Bouncing higher and higher on a trampoline, Breanna Bond reached out, touched her toes and flashed her mother a grin almost as wide as her outstretched arms.
The midair move marked another fitness milestone for the 10-year-old Clovis girl, who seven months ago weighed 186 pounds and was so out of shape she struggled when stooping to tie a shoe.
More than 50 pounds lighter and limber, Breanna showed off her trampoline skills on a recent afternoon. "Look, I'm going to do a flip," she said, turning upside down and landing on her feet.
"She just inspires me every day," Breanna's mother, Heidi Bond, said of her daughter's efforts.
In the central San Joaquin Valley, where more than 40% of fifth-, seventh- and ninth-graders are overweight or obese, it's easy to overlook the children who have toned up and slimmed down. But they're proof that childhood obesity can be beat, and they have lessons to share.
The formula the children have followed to become healthy and fit -- eating smaller portions and exercising more -- has long been proven to work. But no child would be overweight if living by those two principles were simple or easy, nutrition experts say. Children and their parents say bluntly that losing weight is tough. In the end, though, the struggle produces healthier children, making the calorie counting worth it, they say.
Alexander Flores, 16, of Fresno, has dropped almost 30 pounds off his 5-foot, 9-inch frame in the past few months, going from 209 pounds to 180 pounds. "When he weighs himself, he's ecstatic," said Alexander's mother, Melissa Flores.

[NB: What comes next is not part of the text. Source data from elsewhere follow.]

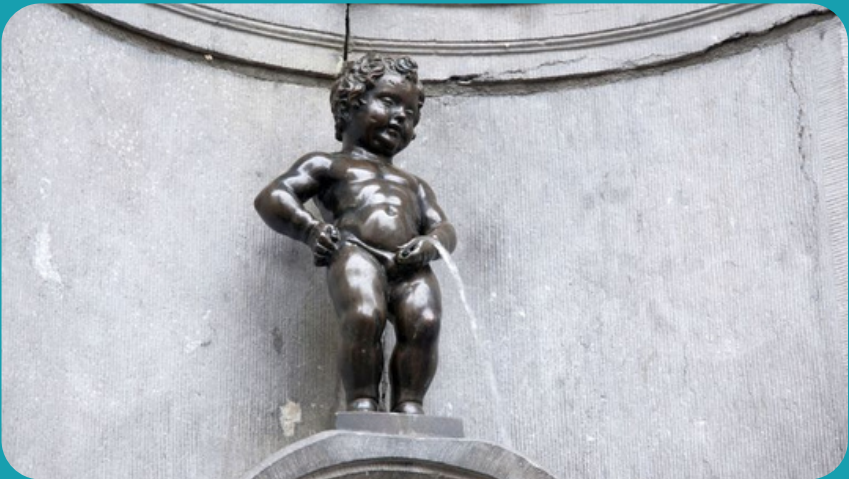
The Manneken Pis statue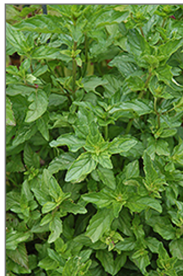
Margarita Mint foliage

Aside from its primary use as an edible, Margarita Mint is suitable for the following landscape applications;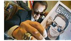
Schwarzenegger puts Hollywood comeback on hold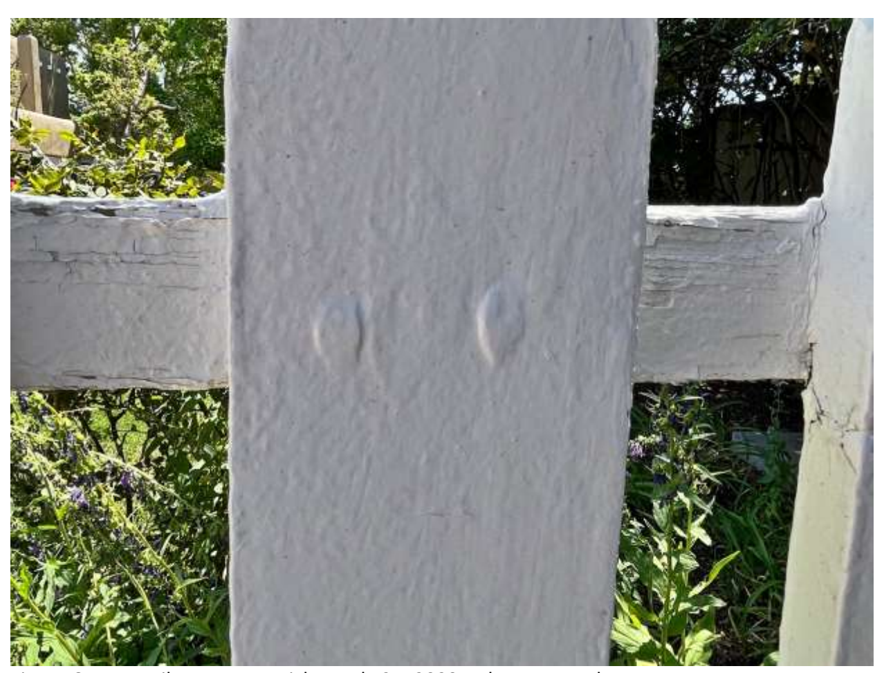
Figure 6: Two-nail pattern on picket. July 25, 2023, John W. Murphey. Note multiple layers of paint on top rail.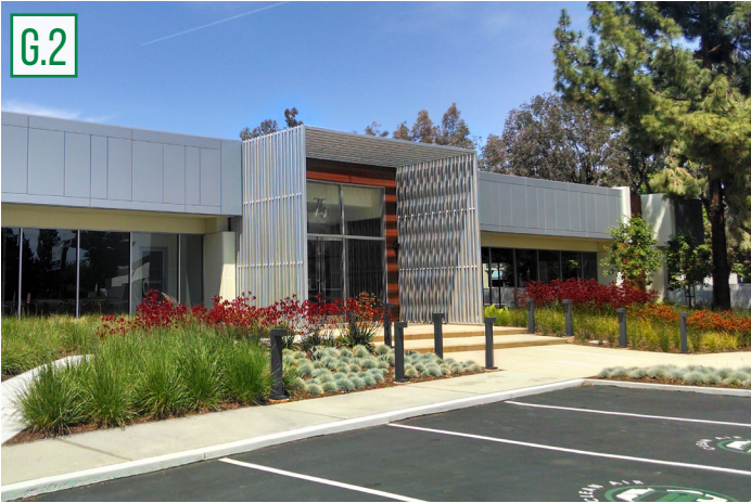
Changes in height and massing provide variation and articulation. Vertical building elements break up what may otherwise be horizontal architectural composition.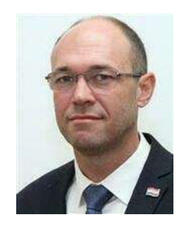
Mr Davor Ivo STIER Foreign Affairs Committee

Croatian Democratic Union - Group of the European People's Party (Christian Democrats)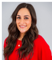
JORDYN WIEBER HEAD COACH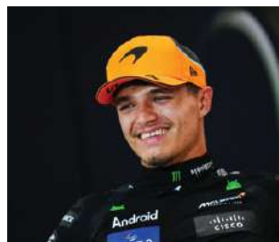
Lando Norris finished second

A poor strategy call scuppered Norris' hopes of winning in Canada earlier this month before the Briton said his start in Sunday's race in Spain – where he dropped from first to third – denied him another triumph. Verstappen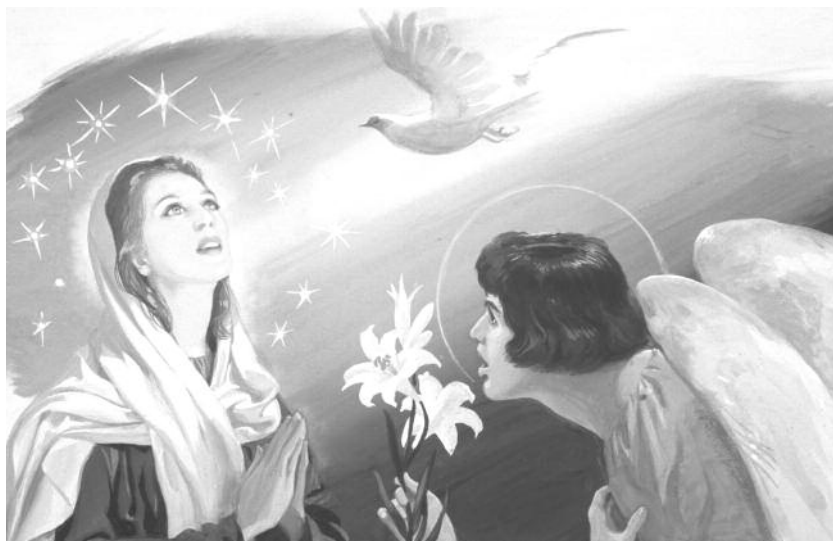
The Angel Gabriel greets the Virgin Mary.

After six months, the Angel Gabriel was again sent by God to a humble virgin at Nazareth, in the province of Galilee. The virgin's name was Mary and she was betrothed to a man named Joseph of the house of David. The angel greeted her in the words of the "Hail Mary." He announced to the holy virgin that she was chosen to be the mother of God and that she would have this Child by the power of the Holy Spirit. He also told her of the son soon to be born to her cousin Elizabeth.

Alexander works out every day, lifting weights and exercising, she said. He also has stopped eating late at night, and he eats smaller portions.
But in the beginning, it was hard to motivate her son, Flores said. It wasn't until his doctor warned him he was at risk for health problems that he began pushing himself, she said.
Alexander's not alone: Health experts say they are seeing children with weight-caused problems, such as diabetes, cardiovascular disease and joint problems usually seen only in adults.
Flores also has made changes to help Alexander. She added more whole grains, fruits and vegetables to the family diet. Luckily, Alexander seldom drank sodas or snacked on candy and chips, she said, but now he drinks fat-free milk. "The kids love it," she said. "To them, there's no difference."
Doing it together
Losing weight is a family affair, everyone agrees.
Some parents want to put overweight children on diets, but that doesn't work, said Tina Canales, a registered dietitian at the Clinica Sierra Vista office of the Women Infants and Children nutrition program. "It has to be the whole family eating healthier and exercising."
When city of Fresno Parks and Recreation enrolled 10- to 13-year-olds in a free six-week Healthy Lifestyles Fitness Program this summer, parent attendance at a twice-a-week nutrition class was mandatory.
That made a difference, said Sara Bosse, senior program manager for the University of California CalFresh nutrition education program, which partners with the city to run the summer camp. "You'll have parents with weak moments not wanting to employ what they've learned, and children are going to have weak moments, but they end up encouraging each other."
Julie and Jeff Pittenger began cooking more at their Fresno home when son Jared, 10, attended the fitness camp this summer. It paid off: Jared, at 5 feet, 7 inches, weighed almost 211 pounds when the six-week camp started and ended the camp weighing 202 pounds. Dietitians say a weight loss of between 1 and 3 pounds per month is considered a healthy pace for an overweight child.